Member of the New Caledonian Territorial Assembly
- In office 1977–1979
- Constituency: South

Member of the National Assembly for Paris's 4th constituency
- In office 23 July 2009 – 16 June 2012
- Preceded by: Pierre Lellouche

Personal details
- Born: 15 May 1942 (age 83) Toulon, France
- Party: Radical Party UDI
- Profession: Pediatrician

= Edwige Antier =

French paediatrician and politician (born 1942)

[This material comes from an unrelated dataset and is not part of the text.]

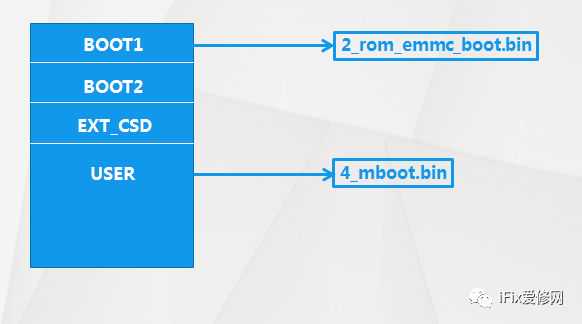 在前文中我们多次讲到,EMMC有四个分区,boot1区,boot2区,user区,EXT_CSD区。不同的芯片厂家,引导存放位置都不尽相同,MTK引导存放位置在user区的开始地址,Mstar引导存放位置在boot1区和user区的0x200000地址处。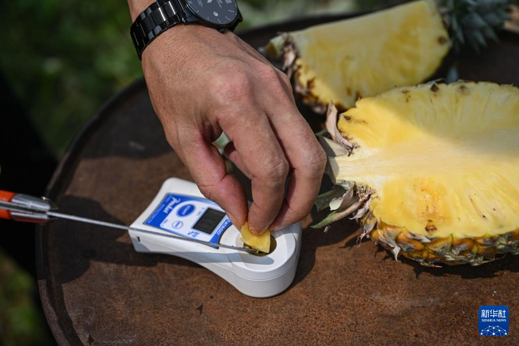 3月18日,韓衍在海南省文昌市錦山鎮花園村測試鳳梨糖度。新華社記者 蒲曉旭 攝

Edwige Antier (born 15 May 1942) is a French paediatrician and former politician. She was one of two women elected to the Territorial Assembly of New Caledonia in 1977, the territory's first female legislators. She served in the French National Assembly as a representative of Paris's 4th constituency.

==Biography==
Antier was born in Toulon in 1942. After an internship at the Assistance Publique – Hôpitaux de Paris, she moved to New Caledonia in 1972, where she worked as a paediatrician and became a member of the territory's Council of the Order of Physicians.

She also became involved in politics and headed the Union for the Renewal of New Caledonia party for the 1977 elections. Considered a party of right-wing intelligentsia, it won a single seat in the South constituency, taken by Antier-Lagarde. Alongside Marie-Paule Serve, she became one of the first two women in the Territorial Assembly. She was elected vice president of the Assembly, and became president of the Health Commission.

In 1979 she returned to France, she worked at the Baudelocque maternity hospital and in a private maternity hospital, as well as practicing at a medical office in Paris. She also started a broadcasting career, joining France Inter in 1981 and then France Info from 1987. She also published several books for parents.

In 2001, she became a member of the board of directors of the Assistance Publique – Hôpitaux de Paris. In the same year she was elected as a city councillor in Paris, serving until 2008. In the 2007 National Assembly elections, she was elected as a substitute for Union for a Popular Movement deputy Pierre Lellouche. After Lellouche was made Secretary of State for European Affairs, Antier became a full member of the National Assembly in July 2009. She became a member of the Social Affairs Commission, and authored a bill aiming to abolish corporal punishment for children. After losing her seat in the 2012 elections, she was a founder member of the Union of Democrats and Independents.